Elizabeth came up alongside. ‘Look, she’s white as a sheet and shaking,’ she said. ‘Hannah? What is it?’
I would have fallen from my horse but for her steadying hand on my shoulder. The soldier rode on the other side, dragging my horse onward, his knee pressed against mine, half-holding me in the saddle.
‘Hannah!’ Elizabeth’s voice came again as if from a long way away. ‘Are you ill?’
‘Smoke,’ was all I could say. ‘Fire.’
Elizabeth glanced towards the city, where I pointed. ‘I can’t smell anything,’ she said. ‘Are you giving a warning, Hannah? Is there going to be a fire?’
Dumbly, I shook my head. My sense of horror was so intense that I could say nothing but, as if from somewhere else, I heard a little mewing sound like that of a child crying from a deep unassuageable distress. ‘Fire,’ I said softly. ‘Fire.’
‘Oh, it’s the Smithfield fires,’ the soldier said. ‘That’s upset the lass. It’s that, isn’t it, bairn?’
At Elizabeth’s quick look of inquiry he explained. ‘New laws. Heretics are put to death by burning. They’re burning today in Smithfield. I can’t smell it but your little lass here can. It’s upset her.’ He clapped me on the shoulder with a heavy kindly hand. ‘Not surprising,’ he said. ‘It’s a bad business.’
‘Burning?’ Elizabeth demanded. ‘Burning heretics? You mean Protestants? In London? Today?’ Her eyes were blazing black with anger but she did not impress the soldier. As far as he was concerned we were little more value than each other. One girl dumb with horror, the other enraged.
‘Aye,’ he said briefly. ‘It’s a new world. A new queen on the throne, a new king at her side, and a new law to match. And everyone who was reformed has reformed back again and pretty smartly too. And good thing, I say, and God bless, I say. We’ve had nothing but foul weather and bad luck since King Henry broke with the Pope. But now the Pope’s rule is back and the Holy Father will bless England again and we can have a son and heir and decent weather.’
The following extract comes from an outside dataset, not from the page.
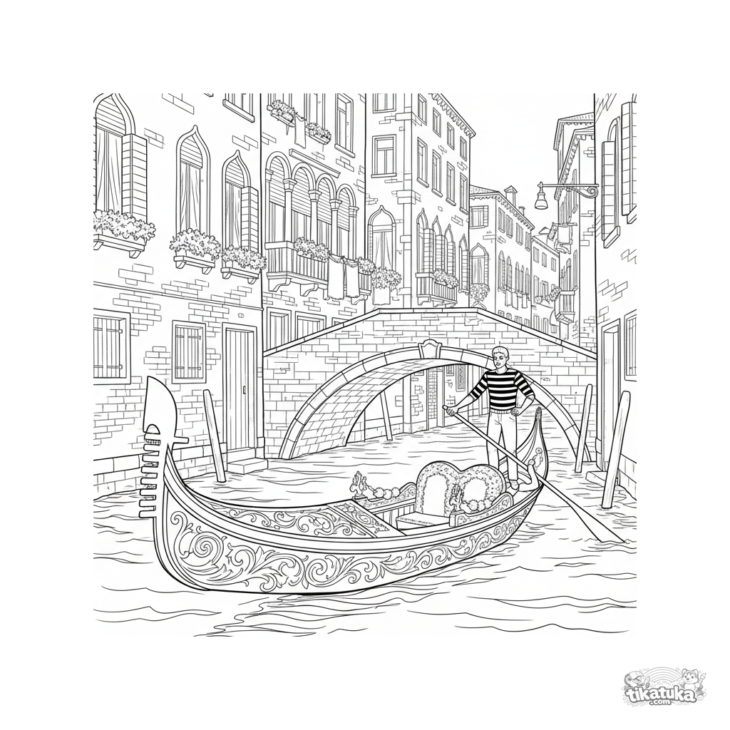 Сложная раскраска для детей 10-12 лет: детализированная венецианская гондола проплывает под каменным мостом. Архитектура, гондольер. Для терпеливых художников.

Elizabeth said not one word. She took her pomander from her belt, put it in my hand and held my hand up
to my nose so I could smell the aromatic scent of dried orange and cloves. It did not take away the stink of burning flesh, nothing would ever free me from that memory. I could even hear the cries of those on the stakes, begging their families to fan the flames and to pile on timber so that they might die the quicker and not linger, smelling their own bodies roasting, in a screaming agony of pain.
‘Mother,’ I choked, and then I was silent.
We rode to Hampton Court in an icy silence and we were greeted as prisoners with a guard. They bundled us in the back door as if they were ashamed to greet us. But once the door of her private rooms was locked behind us Elizabeth turned and took my cold hands in hers.
‘I could not smell smoke, nobody could. The soldier only knew that they were burning today, he could not smell it,’ she said.
Still I said nothing.
‘It was your gift, wasn’t it?’ she asked curiously.
I cleared my throat, I remembered that curious thick taste at the back of my tongue, the taste of the smoke of human flesh. I brushed a smut from my face, but my hand came away clean.
‘Yes,’ I admitted.
‘You were sent by God to warn me that this was happening,’ she said. ‘Others might have told me, but you were there; in your face I saw the horror of it.’
I nodded. She could take what she might from it. I knew that it was my own terror she had seen, the horror I had felt as a child when they had dragged my own mother from our house to tie her to a stake and light the fire under her feet on a Sunday afternoon as part of the ritual of every Sunday afternoon, part of the promenade, a pious and pleasurable tradition to everyone else; the death of my mother, the end of my childhood for me.